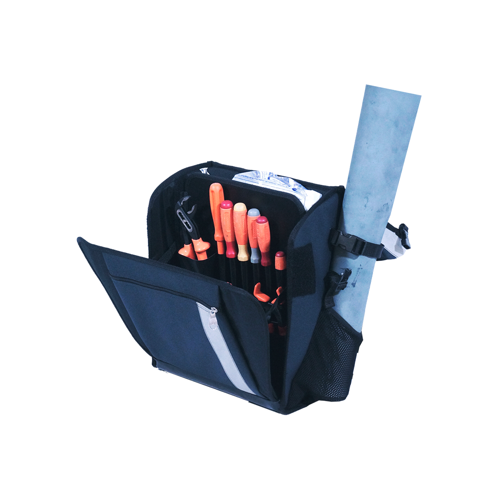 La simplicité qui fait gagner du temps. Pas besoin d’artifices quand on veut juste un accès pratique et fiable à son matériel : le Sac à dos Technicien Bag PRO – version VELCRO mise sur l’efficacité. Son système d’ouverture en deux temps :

* * *

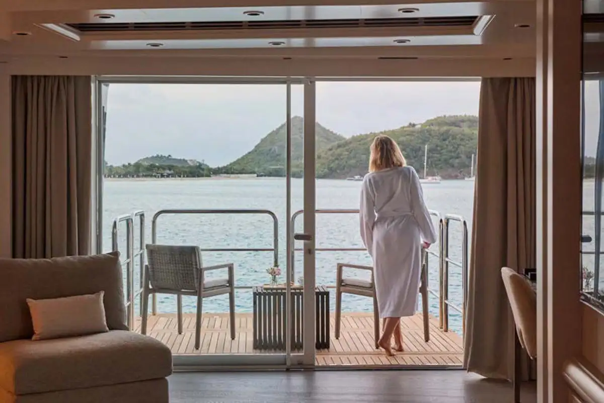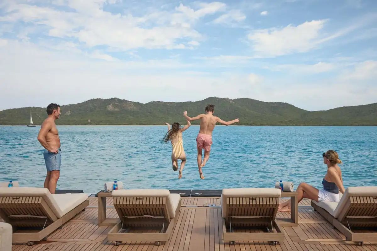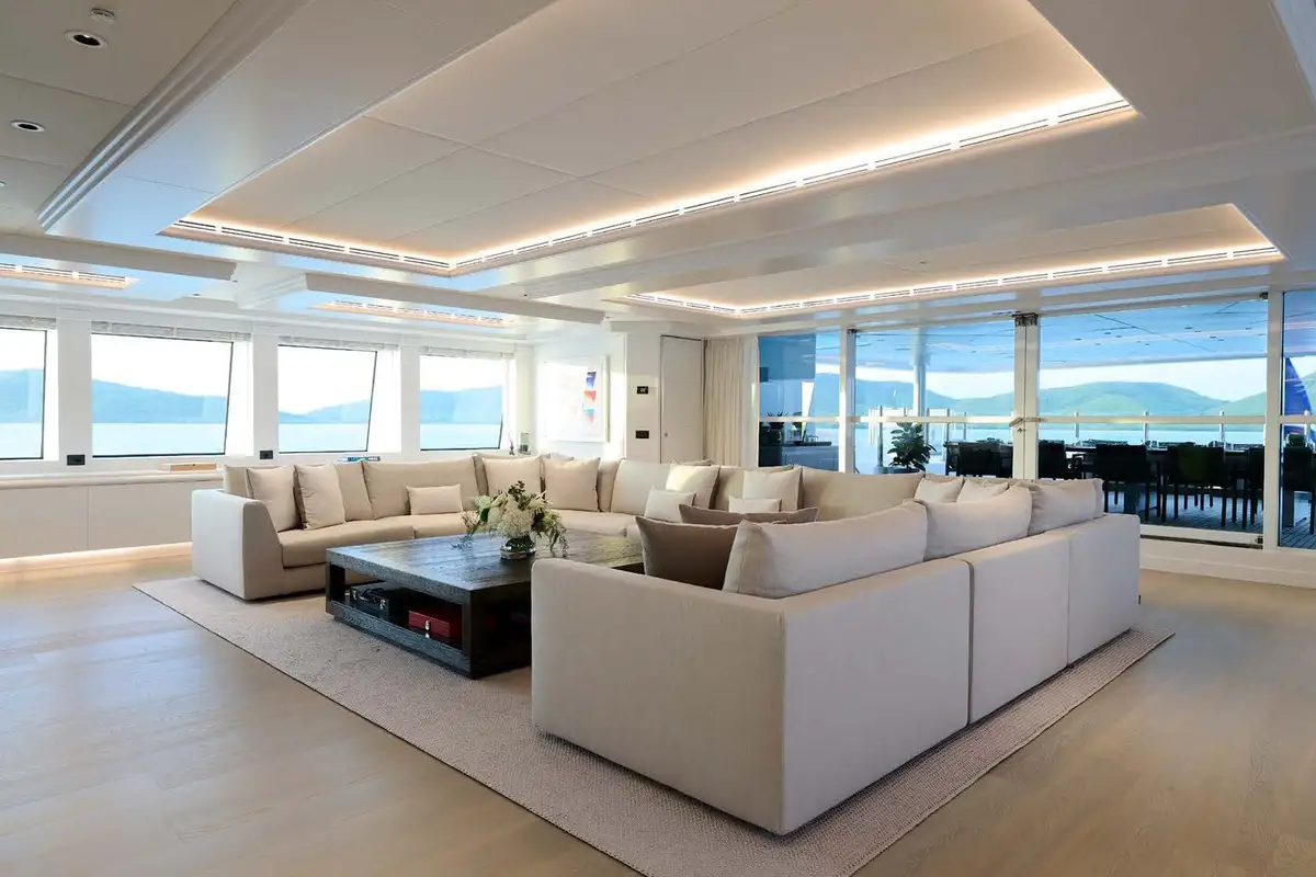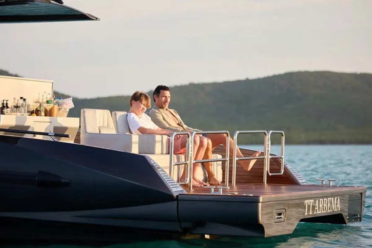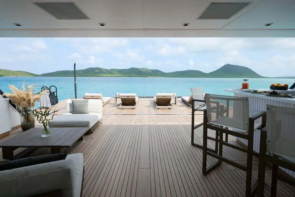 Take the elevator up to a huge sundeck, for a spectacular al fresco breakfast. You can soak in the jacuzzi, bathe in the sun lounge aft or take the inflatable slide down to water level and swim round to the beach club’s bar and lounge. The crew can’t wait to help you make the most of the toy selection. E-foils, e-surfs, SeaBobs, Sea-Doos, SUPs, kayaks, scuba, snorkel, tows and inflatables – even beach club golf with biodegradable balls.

--

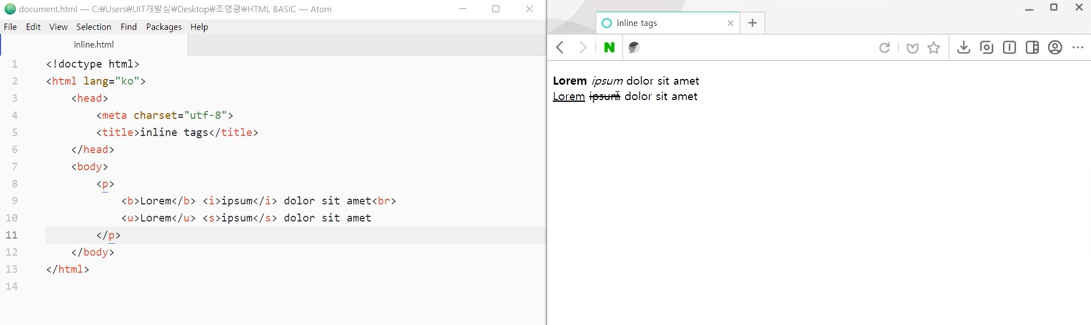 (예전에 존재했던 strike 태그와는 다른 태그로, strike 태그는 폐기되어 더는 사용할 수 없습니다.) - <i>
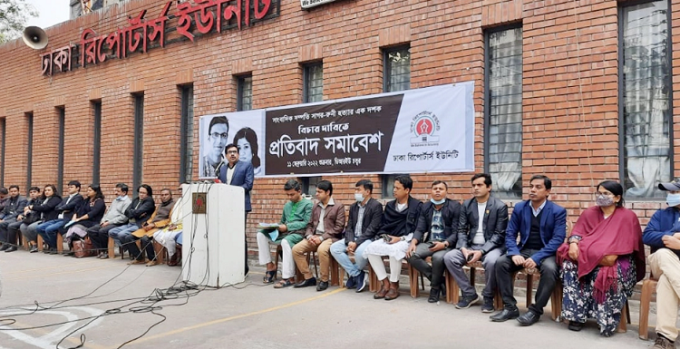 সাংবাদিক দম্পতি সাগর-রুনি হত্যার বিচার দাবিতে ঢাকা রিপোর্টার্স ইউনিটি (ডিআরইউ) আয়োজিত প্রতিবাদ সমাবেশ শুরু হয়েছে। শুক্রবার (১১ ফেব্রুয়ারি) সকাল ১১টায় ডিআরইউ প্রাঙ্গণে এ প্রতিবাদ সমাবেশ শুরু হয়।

• **Assignment**: Find the line with "(예전에 존재했던 strike" and the line with "সাংবাদিক দম্পতি সাগর-রুনি" in the records above. Copy both and all lines between them exactly, without pictures.

• **Answer box**:
 (예전에 존재했던 strike 태그와는 다른 태그로, strike 태그는 폐기되어 더는 사용할 수 없습니다.) - <i>
 সাংবাদিক দম্পতি সাগর-রুনি হত্যার বিচার দাবিতে ঢাকা রিপোর্টার্স ইউনিটি (ডিআরইউ) আয়োজিত প্রতিবাদ সমাবেশ শুরু হয়েছে। শুক্রবার (১১ ফেব্রুয়ারি) সকাল ১১টায় ডিআরইউ প্রাঙ্গণে এ প্রতিবাদ সমাবেশ শুরু হয়।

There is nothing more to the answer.